*Task to complete*: When you write out the listing, keep every character and omit the pictures.
*** Begin section ***
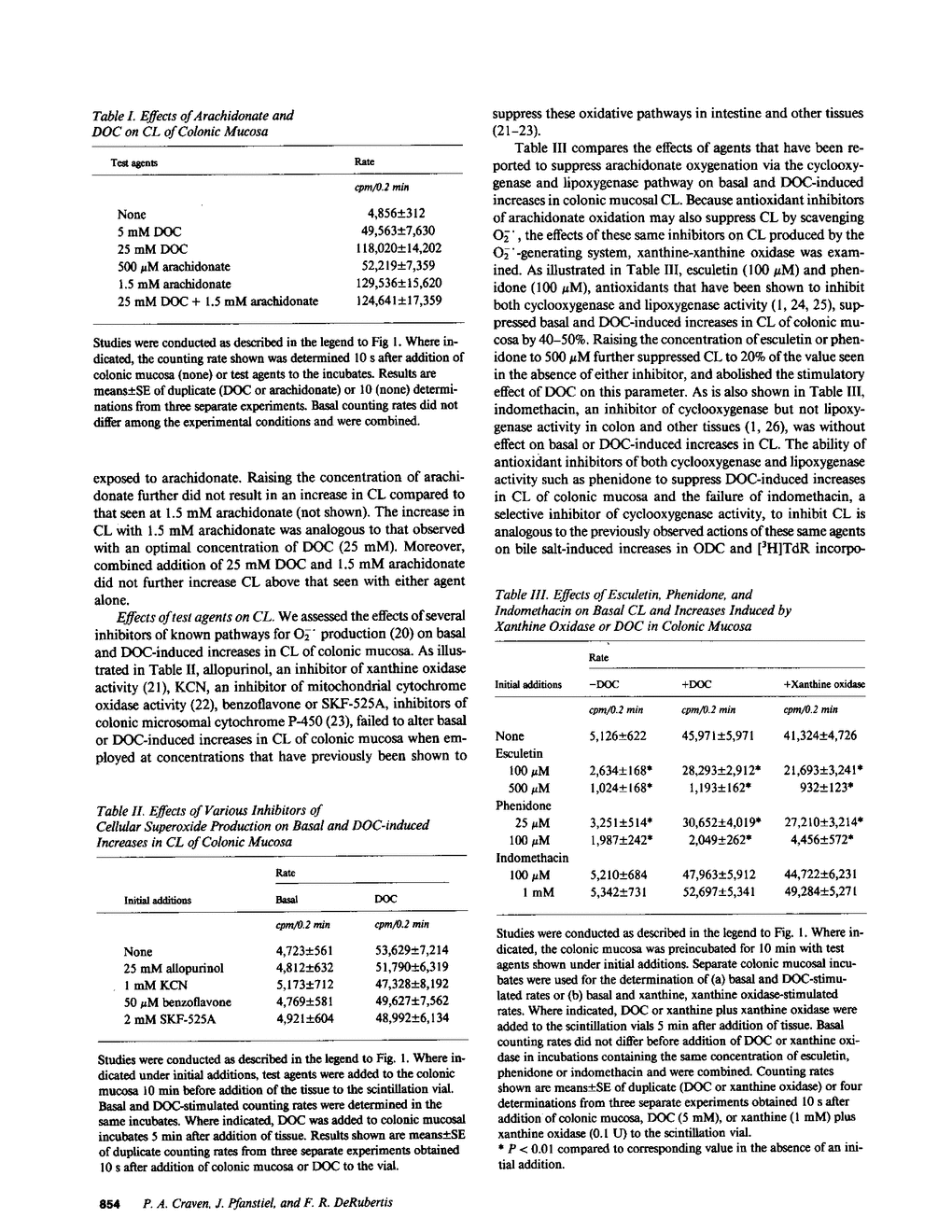 Our previous studies had suggested a link between bile salt stimulation of colonic epithelial proliferation and the release and oxygenation of arachidonate via the lipoxygenase pathway. In the present study, we examined the role of reactive oxygen versus end products of arachidonate metabolism via the cyclooxygenase and lipoxygenase pathways in bile salt stimulation of rat colonic epithelial proliferation. Intracolonic instillation of 5 mM deoxycholate increased mucosal ornithine decarboxylase activity and [3H]thymidine incorporation into DNA. Responses to deoxycholate were abolished by the superoxide dismutase mimetic CuII (3,5 diisopropylsalicylic acid)2 (CuDIPS), and by phenidone or esculetin, which inhibit both lipoxygenase and cyclooxygenase activities. By contrast, indomethacin potentiated the response. Phenidone and esculetin suppressed deoxycholate-induced increases in prostaglandin E2 (PGE2), leukotriene B4 (LTB4), and 5, 12, and 15-hydroxyeicosatetraenoic acid (HETE), whereas CuDIPS had no effect. Indomethacin suppressed only PGE2. Deoxycholate (0.5-5 mM) increased superoxide dismutase sensitive chemiluminescence 2-10-fold and stimulated superoxide production as measured by cytochrome c reduction in colonic mucosal scrapings or crypt epithelium. Bile salt-induced increases in chemiluminescence were abolished by CuDIPS, phenidone, and esculetin, but not by indomethacin. Intracolonic generation of reactive oxygen by xanthine-xanthine oxidase increased colonic mucosal ornithine decarboxylase activity and [3H]thymidine incorporation into DNA approximately twofold. These effects were abolished by superoxide dismutase. The findings support a key role for reactive oxygen, rather than more distal products of either the lipoxygenase or cyclooxygenase pathways, in the stimulation of colonic mucosal proliferation by bile salts.
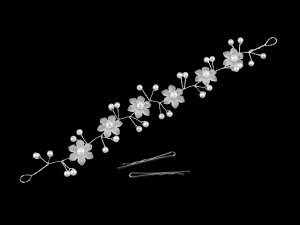 Romantická ozdoba s perlovými květy a korálky bude jemným a elegantním doplňkem vašich vlasů.
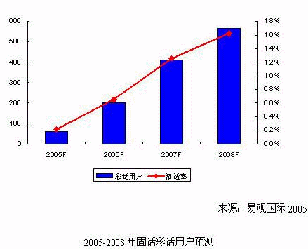 《固網(wǎng)增值業(yè)務研究系列報告-彩鈴彩話2005》中易觀國際認為,固話彩話業(yè)務將難以像小靈通彩鈴那樣得到廣泛的應用,但是能夠在細分市場中滿足固話用戶的個性化需求。易觀國際預測,2005年國內(nèi)固話彩話用戶總數(shù)將達到60萬戶,市場規(guī)模為1,000萬元人民幣;到2008年,固話彩話用戶超過550萬戶,市場規(guī)模將超過1.7億元人民幣。
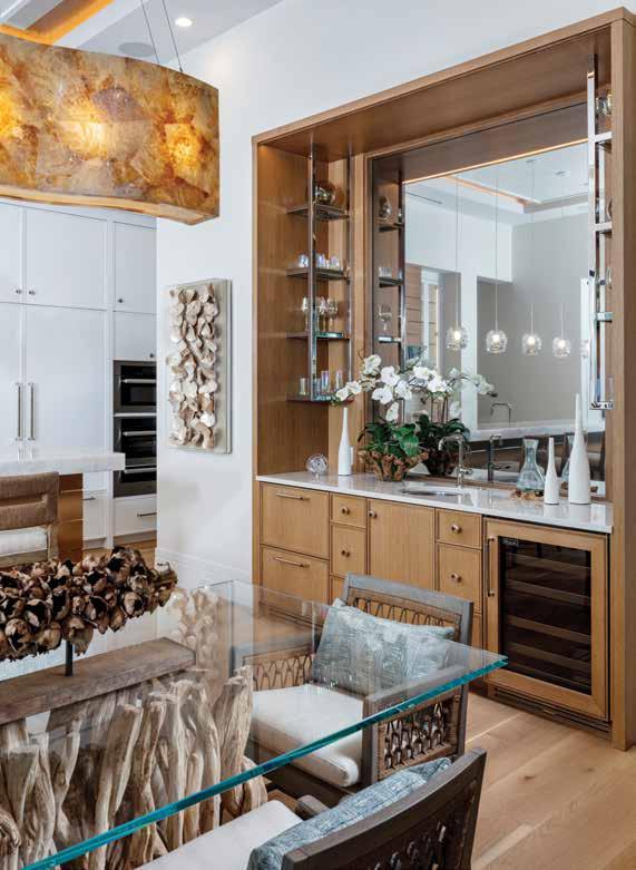 Ruffino Cabinetry built the stunning bar, composed of custom Golden Oak cabinetry, with nickel and glass shelving, complemented by a Melbourne white quartzite countertop, and a built-in wine cooler. But the true showstopper is the two-way mirror at the bar’s back which allows those riding in the elevator to stop at this level and look out onto a stunning view of the Gulf of Mexico.
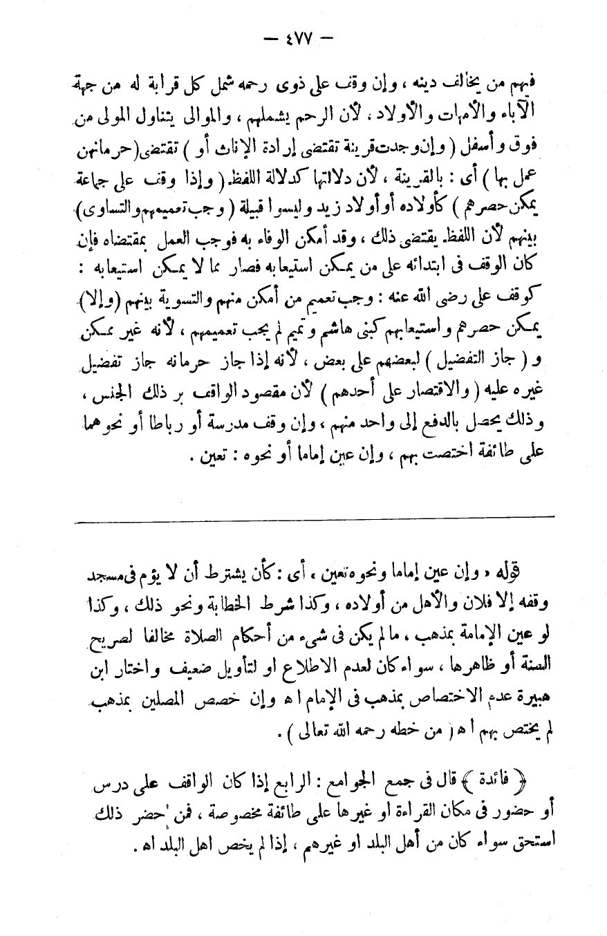فيهم من يخالف دينه وإن وقف على ذوي رحمه شمل كل قرابة له من جهة الآباء والأمهات والأولاد لأن الرحم يشملهم والموالي يتناول المولى من فوق وأسفل ( وإن وجدت قرينة تقتضي إرادة الأناث أو ) تقتضي ( حرمانهن عمل بها ) أي بالقرينة لأن دلالتها كدلالة اللفظ ( وإذا وقف على جماعة يمكن حصرهم ) كأولاده أو أولاد زيد وليسوا قبيلة ( وجب تعميمهم والتساوي ) بينهم لأن اللفظ يقتضي ذلك وقد أمكن الوفاء به فوجب العمل بمقتضاه فإن كان الوقف في ابتدائه على من يمكن استيعابه فصار مما لا يمكن استيعابه كوقف علي رضي الله عنه وجب تعميم من أمكن منهم والتساوي بينهم ( وإلا ) يمكن حصرهم واستيعابهم كبني هاشم وتميم لم يجب تعميمهم لأنه غير ممكن و ( جاز التفضيل ) لبعضهم على بعض لأنه إذا جاز حرمانه جاز تفضيل غيره عليه ( والاقتصار على أحدهم ) لأن المقصود الواقف بر ذلك الجنس وذلك يحصل بالدفع إلى واحد منهم وإن وقف مدرسة أو رباطا أو نحوهما على طائفة اختصت بهم وإن عين إماما أو نحوه تعين
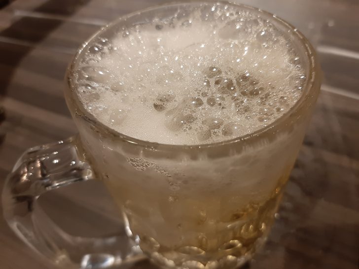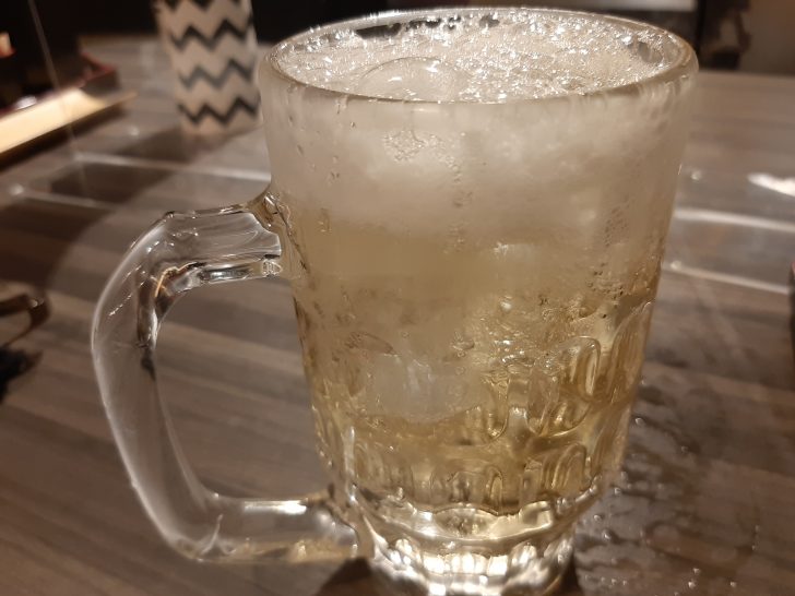 2杯目は、チューハイ、ハイボール、日本酒の中からハイボールを選択しました。ジムビームハイボールですが、炭酸が効いていて良いですね。
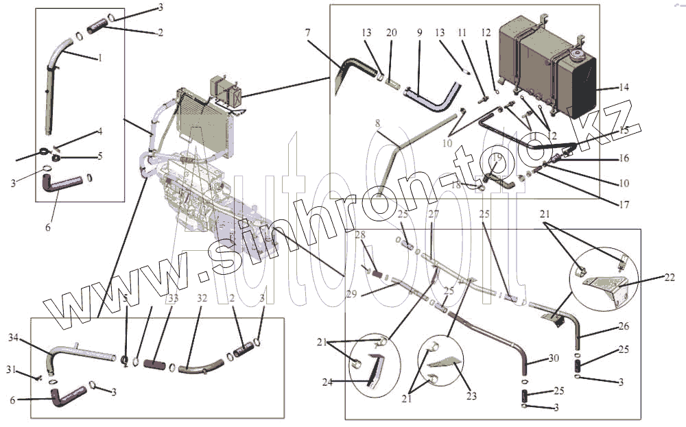 Каталог запасных частей к технике: АМАЗ МАЗ-203. Установка системы охлаждения
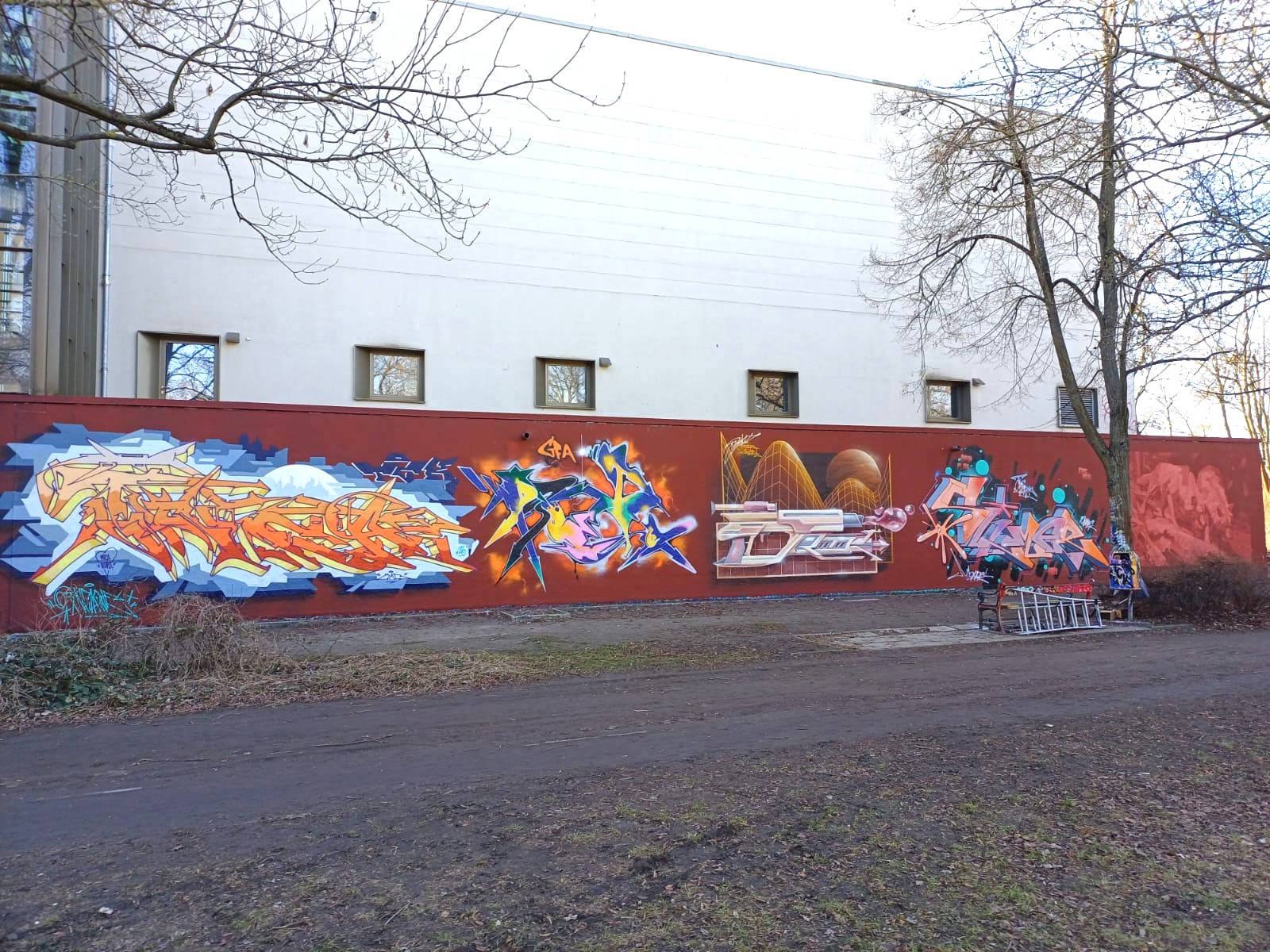 The graffiti from left to right were made by INKA, MOKOE, KIMS and OLAF OBACHT aka GLURAK
*** End section ***
*Written answer*:
 Our previous studies had suggested a link between bile salt stimulation of colonic epithelial proliferation and the release and oxygenation of arachidonate via the lipoxygenase pathway. In the present study, we examined the role of reactive oxygen versus end products of arachidonate metabolism via the cyclooxygenase and lipoxygenase pathways in bile salt stimulation of rat colonic epithelial proliferation. Intracolonic instillation of 5 mM deoxycholate increased mucosal ornithine decarboxylase activity and [3H]thymidine incorporation into DNA. Responses to deoxycholate were abolished by the superoxide dismutase mimetic CuII (3,5 diisopropylsalicylic acid)2 (CuDIPS), and by phenidone or esculetin, which inhibit both lipoxygenase and cyclooxygenase activities. By contrast, indomethacin potentiated the response. Phenidone and esculetin suppressed deoxycholate-induced increases in prostaglandin E2 (PGE2), leukotriene B4 (LTB4), and 5, 12, and 15-hydroxyeicosatetraenoic acid (HETE), whereas CuDIPS had no effect. Indomethacin suppressed only PGE2. Deoxycholate (0.5-5 mM) increased superoxide dismutase sensitive chemiluminescence 2-10-fold and stimulated superoxide production as measured by cytochrome c reduction in colonic mucosal scrapings or crypt epithelium. Bile salt-induced increases in chemiluminescence were abolished by CuDIPS, phenidone, and esculetin, but not by indomethacin. Intracolonic generation of reactive oxygen by xanthine-xanthine oxidase increased colonic mucosal ornithine decarboxylase activity and [3H]thymidine incorporation into DNA approximately twofold. These effects were abolished by superoxide dismutase. The findings support a key role for reactive oxygen, rather than more distal products of either the lipoxygenase or cyclooxygenase pathways, in the stimulation of colonic mucosal proliferation by bile salts.
 Romantická ozdoba s perlovými květy a korálky bude jemným a elegantním doplňkem vašich vlasů.
 《固網(wǎng)增值業(yè)務研究系列報告-彩鈴彩話2005》中易觀國際認為,固話彩話業(yè)務將難以像小靈通彩鈴那樣得到廣泛的應用,但是能夠在細分市場中滿足固話用戶的個性化需求。易觀國際預測,2005年國內(nèi)固話彩話用戶總數(shù)將達到60萬戶,市場規(guī)模為1,000萬元人民幣;到2008年,固話彩話用戶超過550萬戶,市場規(guī)模將超過1.7億元人民幣。
 Ruffino Cabinetry built the stunning bar, composed of custom Golden Oak cabinetry, with nickel and glass shelving, complemented by a Melbourne white quartzite countertop, and a built-in wine cooler. But the true showstopper is the two-way mirror at the bar’s back which allows those riding in the elevator to stop at this level and look out onto a stunning view of the Gulf of Mexico.
فيهم من يخالف دينه وإن وقف على ذوي رحمه شمل كل قرابة له من جهة الآباء والأمهات والأولاد لأن الرحم يشملهم والموالي يتناول المولى من فوق وأسفل ( وإن وجدت قرينة تقتضي إرادة الأناث أو ) تقتضي ( حرمانهن عمل بها ) أي بالقرينة لأن دلالتها كدلالة اللفظ ( وإذا وقف على جماعة يمكن حصرهم ) كأولاده أو أولاد زيد وليسوا قبيلة ( وجب تعميمهم والتساوي ) بينهم لأن اللفظ يقتضي ذلك وقد أمكن الوفاء به فوجب العمل بمقتضاه فإن كان الوقف في ابتدائه على من يمكن استيعابه فصار مما لا يمكن استيعابه كوقف علي رضي الله عنه وجب تعميم من أمكن منهم والتساوي بينهم ( وإلا ) يمكن حصرهم واستيعابهم كبني هاشم وتميم لم يجب تعميمهم لأنه غير ممكن و ( جاز التفضيل ) لبعضهم على بعض لأنه إذا جاز حرمانه جاز تفضيل غيره عليه ( والاقتصار على أحدهم ) لأن المقصود الواقف بر ذلك الجنس وذلك يحصل بالدفع إلى واحد منهم وإن وقف مدرسة أو رباطا أو نحوهما على طائفة اختصت بهم وإن عين إماما أو نحوه تعين
 2杯目は、チューハイ、ハイボール、日本酒の中からハイボールを選択しました。ジムビームハイボールですが、炭酸が効いていて良いですね。
 Каталог запасных частей к технике: АМАЗ МАЗ-203. Установка системы охлаждения
 The graffiti from left to right were made by INKA, MOKOE, KIMS and OLAF OBACHT aka GLURAK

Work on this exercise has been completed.